Wednesday, January 12, 2011


Over the past few weeks, Peggy and I have been writing about topics raised in an interview with NEA’s Executive Director, John Wilson. We discussed global literacy and methods to stretch school dollars in a challenging economy. This week, we’ve decided to focus on another of the issues raised by Wilson – the importance of technology in education.

The Office of Educational Technology at the U.S. Department of Education recently released the National Education Technology Plan, a document that outlines recommendations in five major areas: learning, assessment, teaching, infrastructure, and productivity. My interest was most piqued by the concept of “connected teaching,” where teaching is a team activity unrestricted by physical constraints. Connected teaching demands full classroom connectivity, so that educators and students can truly connect in real time to digital resources, other classrooms, other teachers, and professional experts. For example, learning about dinosaurs is fun, but learning about dinosaurs using an online video feed from an actual dig, and having the ability to ask questions of a real-life paleontologist in real time is invaluable.

We all know that technology changes at a breakneck speed, and classroom work, preparation, and grading often don’t leave a lot of extra time to invest in staying technologically current. Yet technology is increasingly at the core of our daily lives, both at work and at leisure, and this is especially true for students. It makes sense, then, to use current technology in as many innovative and effective ways possible to engage our students. Teachers can foster collaboration by using class wikis, blogs, learning management systems, and custom social networks such as Ning or Grouply. Some teachers are using in-class surveys and polling tools such as SurveyMonkey, Polldaddy, twtpoll or clicker to encourage more class participation and to encourage increased student engagement with the content. Polls, for example, can be used to stimulate class debate about class subject content or current events.

Mobile phones, once thought to be the nemesis of every teacher, have turned out to have some great benefits to the classroom. Teachers can record study guides, lessons, foreign language pronunciation drills, and other material using free applications like iPadio. Some enterprising teachers have used iPadio to deliver content to their students even when school is closed for a snow day. In turn, students can create podcasts (phonecasts) from their cell phones on a host of topics, including interviews, oral readings, music composition, and the like. Cell phones can also be used in art class – renowned artist David Hockney is currently using his iPhone to create paintings using the Brushes application.

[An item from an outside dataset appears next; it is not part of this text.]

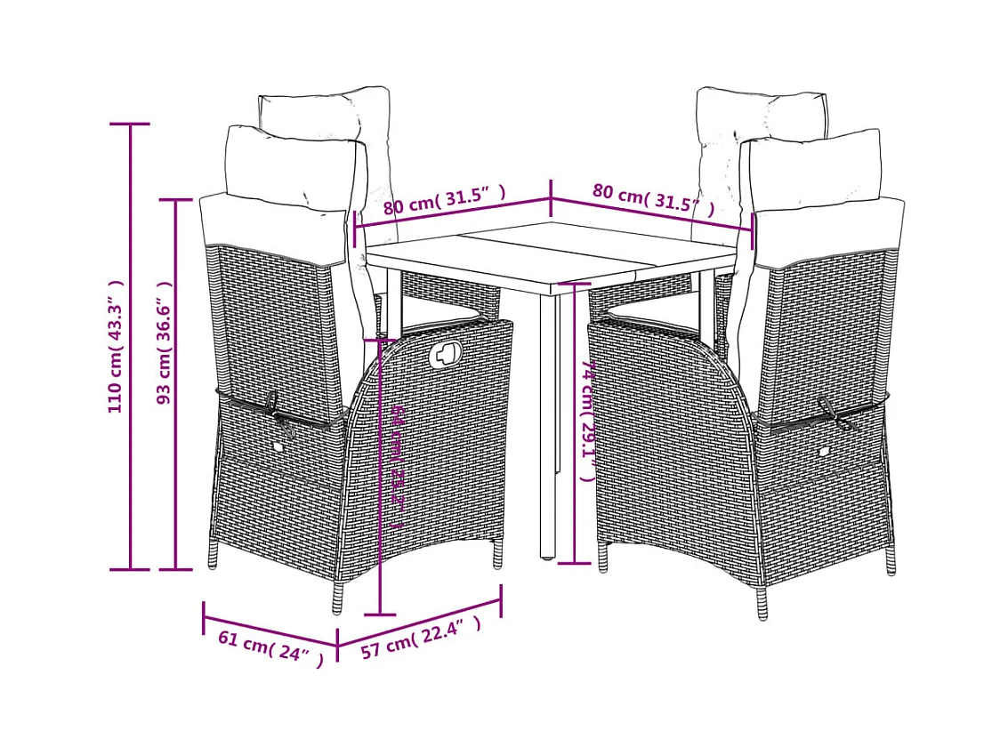 Warner Robins 5-delige Tuinset met kussens poly rattan gemengd beige

There’s a lot of current buzz about QR codes, which are those little black and white squares that look like miniature crossword puzzles. They are increasingly cropping up on courier packages, magazine ads, catalogs, museum plaques, and a host of other items. Using cell phones, users can scan the QR codes to place an order or connect to additional information about a product or place. Some smart phones are already QR code-enabled; if not, you can download an application for free from various Web sites. The possible applications for QR codes in the classroom are endless: add QR codes to maps to quickly access additional information about a geographical region, its economy, and its culture. Increase vocabulary knowledge in your foreign language or ESL classroom by affixing codes to objects, so that when the students’ phones read the codes, up pops each item’s name in the target language. Add the codes to Powerpoint presentations to increase interactivity and connect to additional information, and so on and so on.

Connected teaching demands increased use of technology in the classroom, and the resources below can help you get started. We’ll also be featuring many more lessons and ideas on this topic throughout the week on our Facebook and Twitter pages. Have fun!

Tales of Things
Subject: Language Arts, History, Social Studies
Grade: 4-11
This lesson plan uses QR codes in the classroom as a social studies/history/literacy project. Students can use QR codes to link any object or image directly to a 'video memory' or an article of text describing its history or background. The goal is to help preserve memories and information about various objects or images. Their movements can then be tracked, as well as any subsequent stories. This lesson was produced by INTERFACE Magazine, a publication for educators to learn about information and communication technologies.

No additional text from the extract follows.